• **TASK INSTRUCTIONS**
Copy nothing but the lines from the opening of the entries through the line that contains "How to access", exactly as written. Drop the pictures.

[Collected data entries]
= Beginning of Section =
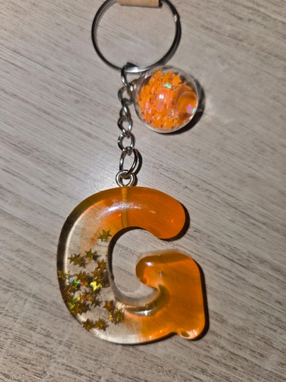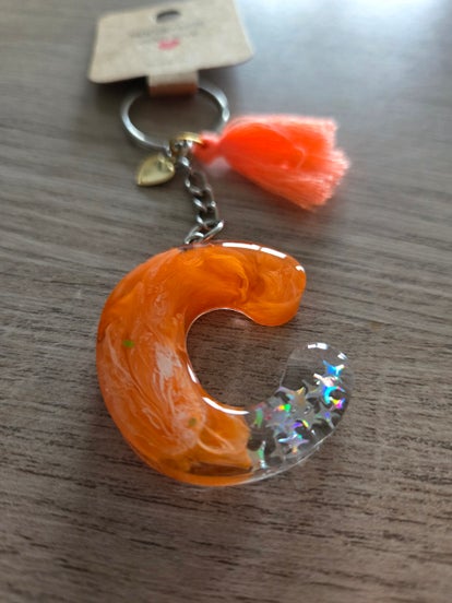 porte clés lettre c en résine , orange et transparente avec paillètes argentées complétée par une breloque coeur doré et une pampille orange
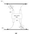 도 18g 및 도 18h는 도 18a, 도 18b, 또는 도 18c의 송신 매체와 함께 사용될 수 있는 커넥터 구성들의 예시적인, 비-제한적 실시예들을 예시한 블록도들.
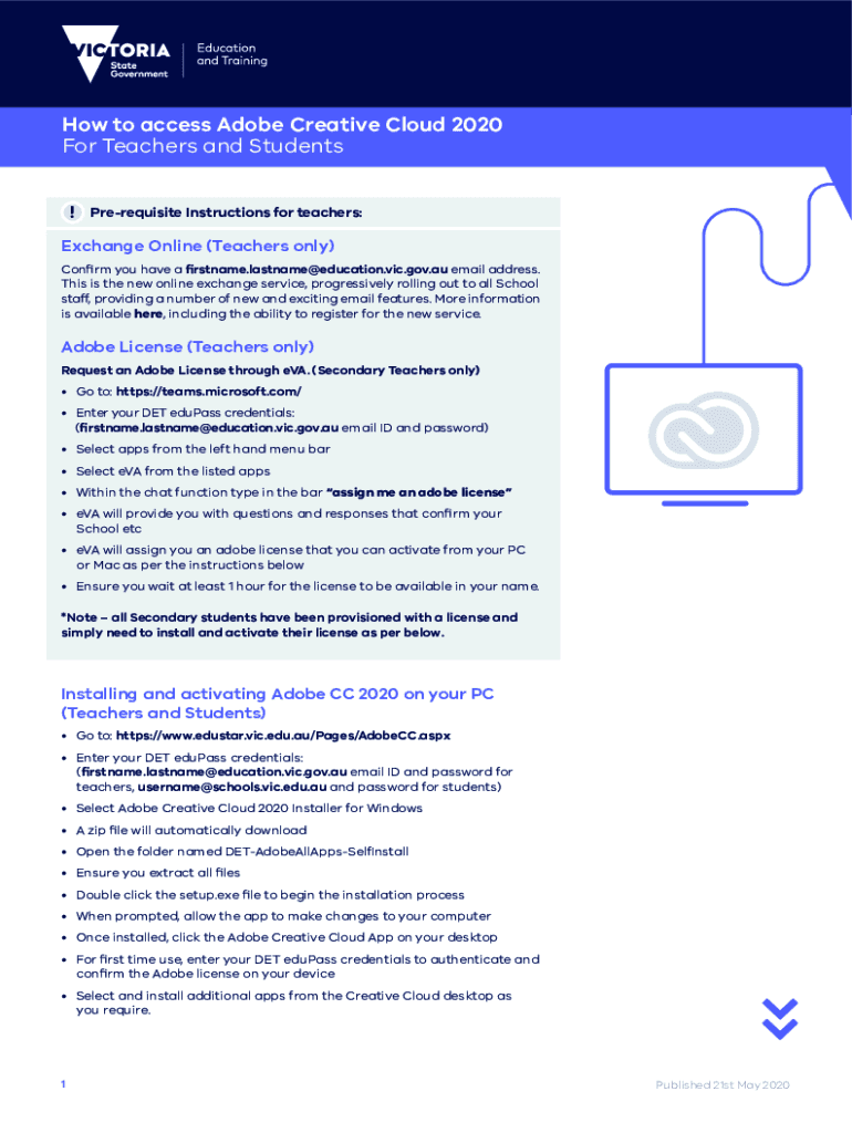 How to access Adobe Creative Cloud 2020 For Teachers and Students ! Prerequisite Instructions for teachers:Exchange Online (Teachers only) Corm you have a rstname.lastname@education.vic.gov.au email
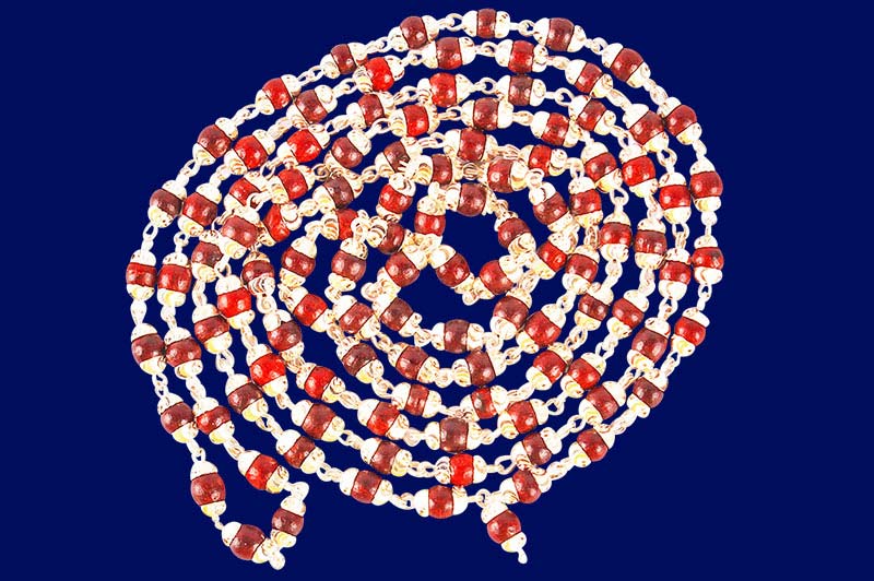 A variety of sandalwood Malas in single and triple strands, strung in various ways, are available at Shaligram Shala. We use real, all-natural sandalwood beads in many shapes and colors, including white and red. The Malas are hand-strung and can be purchased with or without embellishments. In addition, we have beautiful White and Red Sandalwood Bead Combination Malas in our inventory. Both casual and formal attire can be worn with the Chandan Malas. Each Mala is attached to elastic bands, silver chains, and adjustable strings. The Malas are expertly crafted.
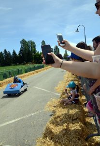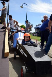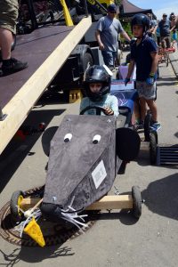 Beim Finale am frühen Sonntagabend waren so nur noch zwölf von den anfangs 17 Seifenkisten dabei. Unschlagbar war das „TüTüTü“ der lokalen Feuerwehr: Bei allen Durchgängen schaffte es die Bestzeit!
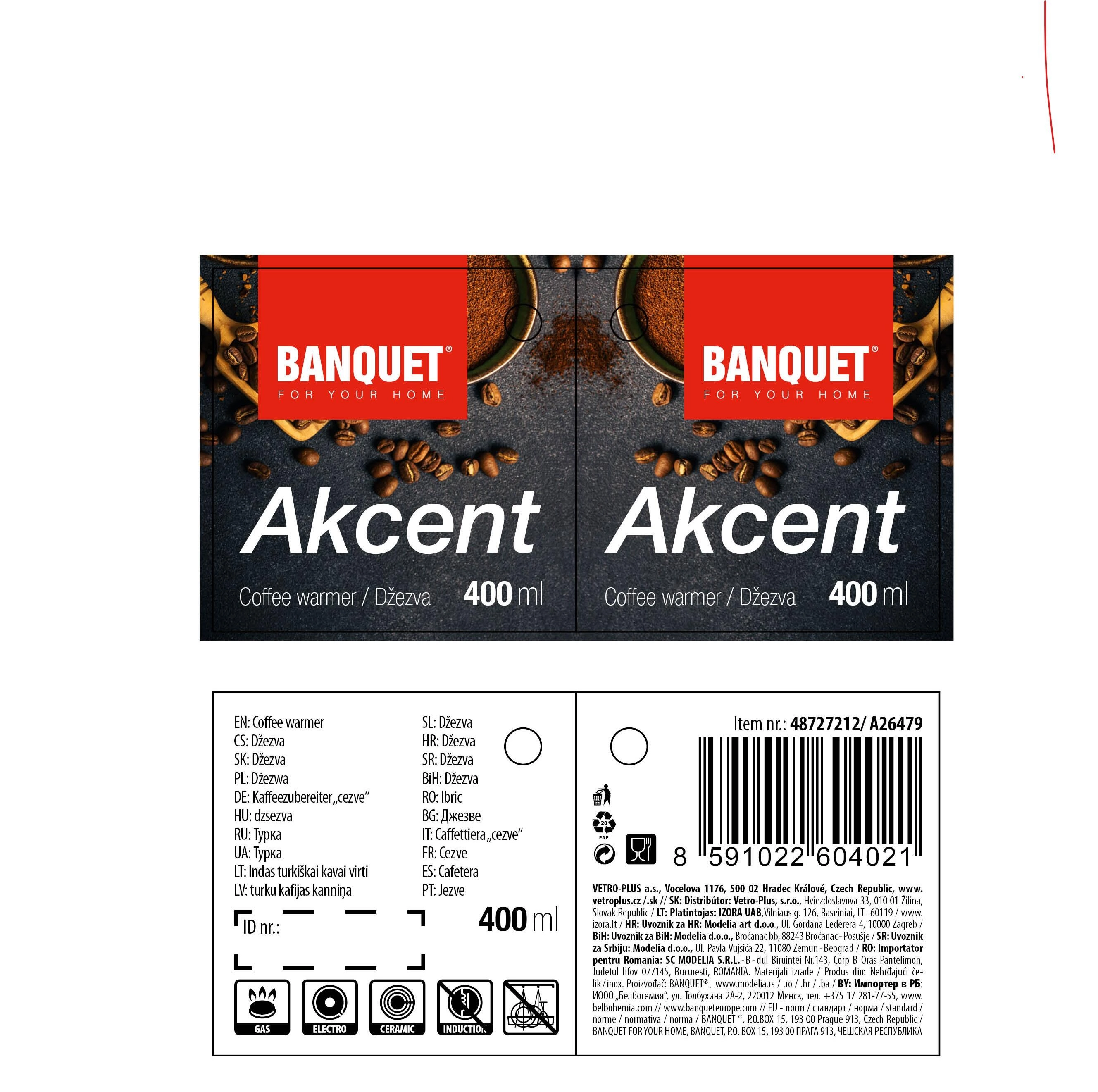 Praktisk rustfri djezva 400 ml AKCENT til tilberedning af ægte arabisk og tyrkisk kaffe. Holdbar konstruktion i rustfrit stål, ergonomisk håndtag og hælder tud for ren påfyldning sikrer nem brug og kaffe med en uforglemmelig rig smag og aroma.
= End of Section =
• **OUTPUT FOR THIS TASK**
 porte clés lettre c en résine , orange et transparente avec paillètes argentées complétée par une breloque coeur doré et une pampille orange
 도 18g 및 도 18h는 도 18a, 도 18b, 또는 도 18c의 송신 매체와 함께 사용될 수 있는 커넥터 구성들의 예시적인, 비-제한적 실시예들을 예시한 블록도들.
 How to access Adobe Creative Cloud 2020 For Teachers and Students ! Prerequisite Instructions for teachers:Exchange Online (Teachers only) Corm you have a rstname.lastname@education.vic.gov.au email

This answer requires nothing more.